* Information supplied *

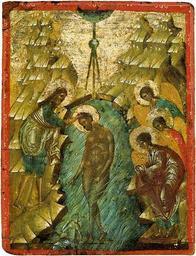 Keywords: Troitskiye tabletki - Baptism.jpg К ещение Двусто онняя икона-таблетка Вто ая четве ть XV в Холст левкас темпе а 23 × 18 см Се гиево-Посадский госуда ственный исто ико-художественный музей-заповедник Россия Из комплекта так называемых «Т оицких таблеток» Обо от «С етение» http //www icon-art info/group php lng ru grp_id 64 Вто ая четве ть XV в anonymous Troitskiye tabletki Files uploaded by Shakko from various sources PD-old Icons of the baptism of Jesus Christ |
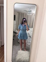 This dress is kinda dumb Like its denim but its not I looked like little Bo peep or Justin and Brittney circa 2000s
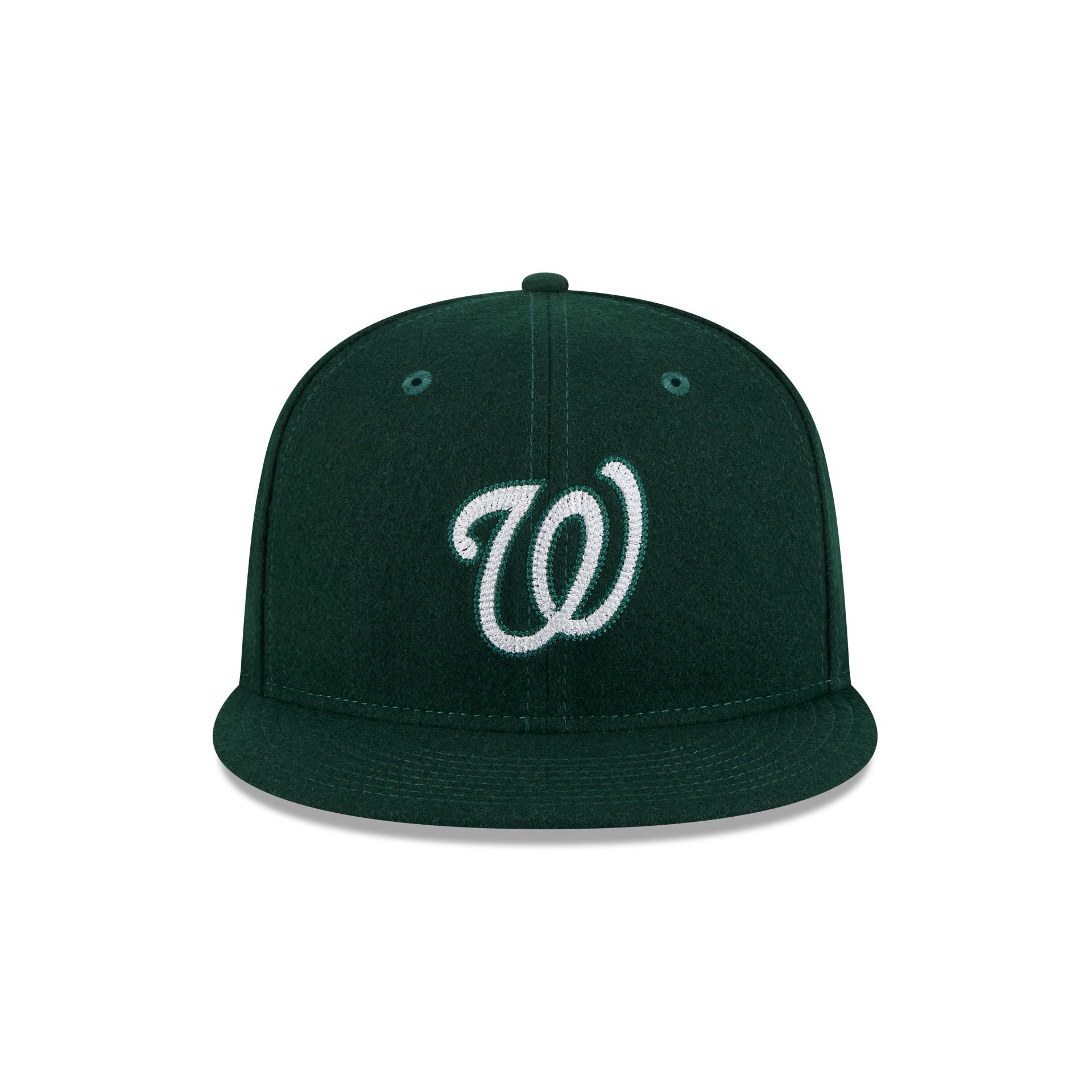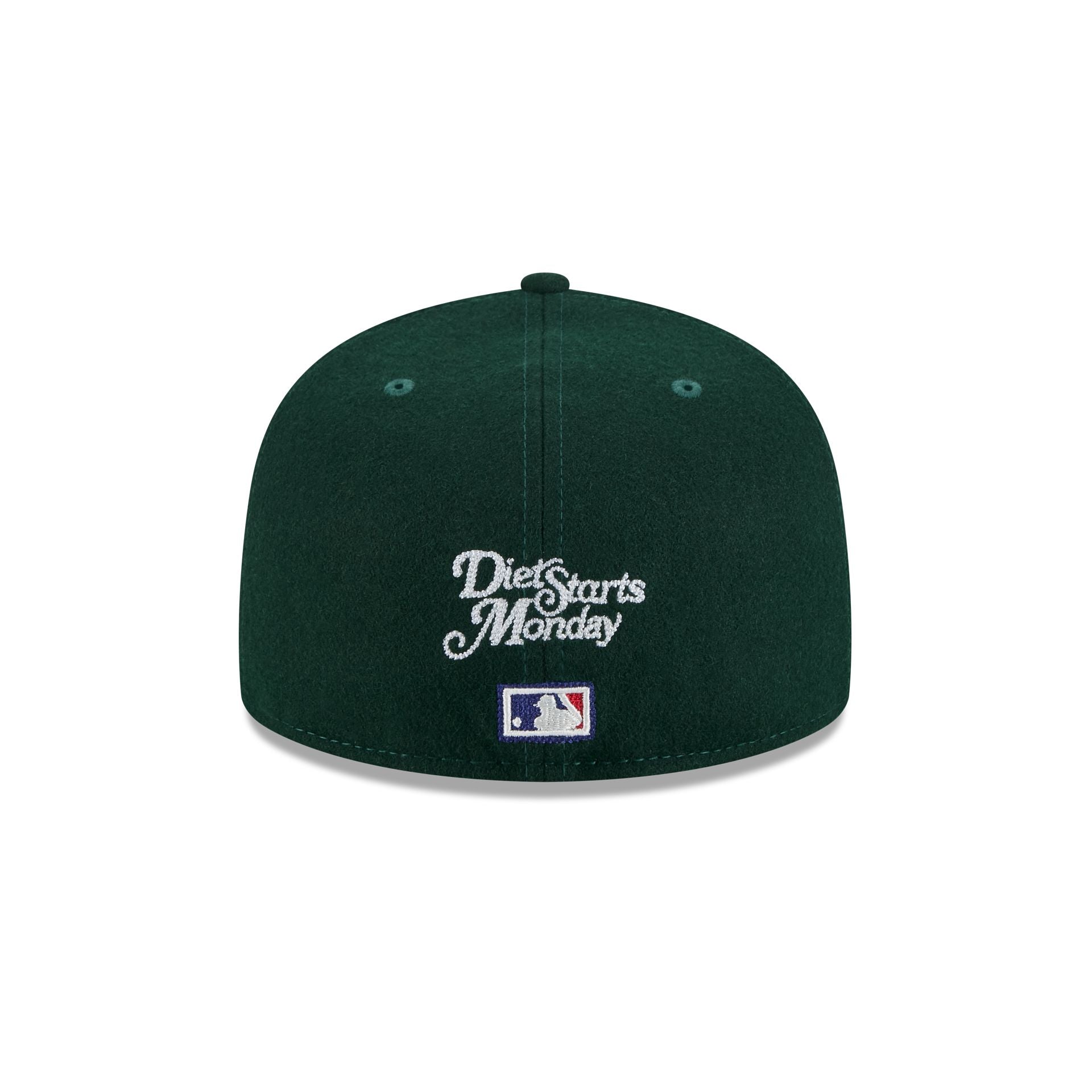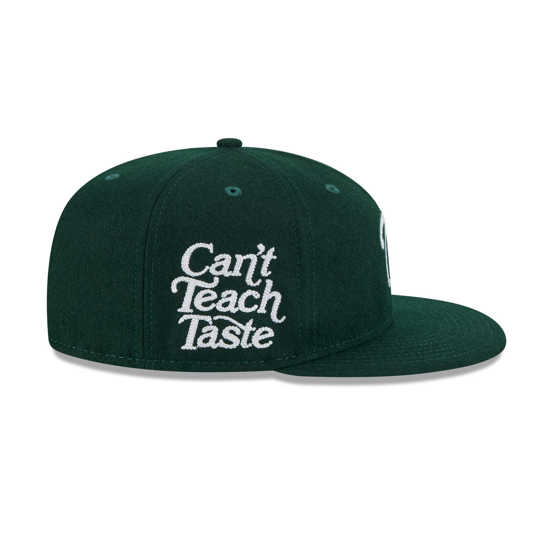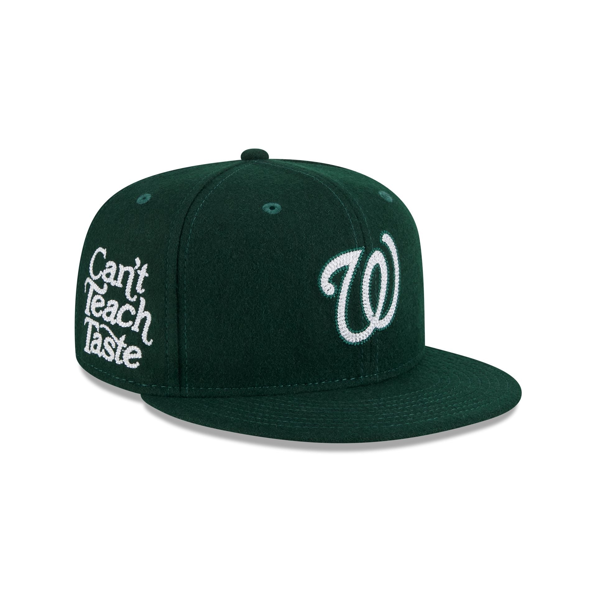 The Washington Nationals Diet Starts Monday Can't Teach Taste Green 59FIFTY Fitted Cap features an embroidered Nationals Cooperstown logo at the front with a matching MLB Batterman logo and Diet Starts Monday logo at the rear. Additional details include a Can't Teach Taste wordmark at the right-wear side and a green undervisor. This cap has a wool fabrication throughout.

* Required action *
In the data, the line that contains "This dress is" begins the part to write out; restate it and each line after it word for word through the end, with no pictures.

* Answer to the problem *
 This dress is kinda dumb Like its denim but its not I looked like little Bo peep or Justin and Brittney circa 2000s
 The Washington Nationals Diet Starts Monday Can't Teach Taste Green 59FIFTY Fitted Cap features an embroidered Nationals Cooperstown logo at the front with a matching MLB Batterman logo and Diet Starts Monday logo at the rear. Additional details include a Can't Teach Taste wordmark at the right-wear side and a green undervisor. This cap has a wool fabrication throughout.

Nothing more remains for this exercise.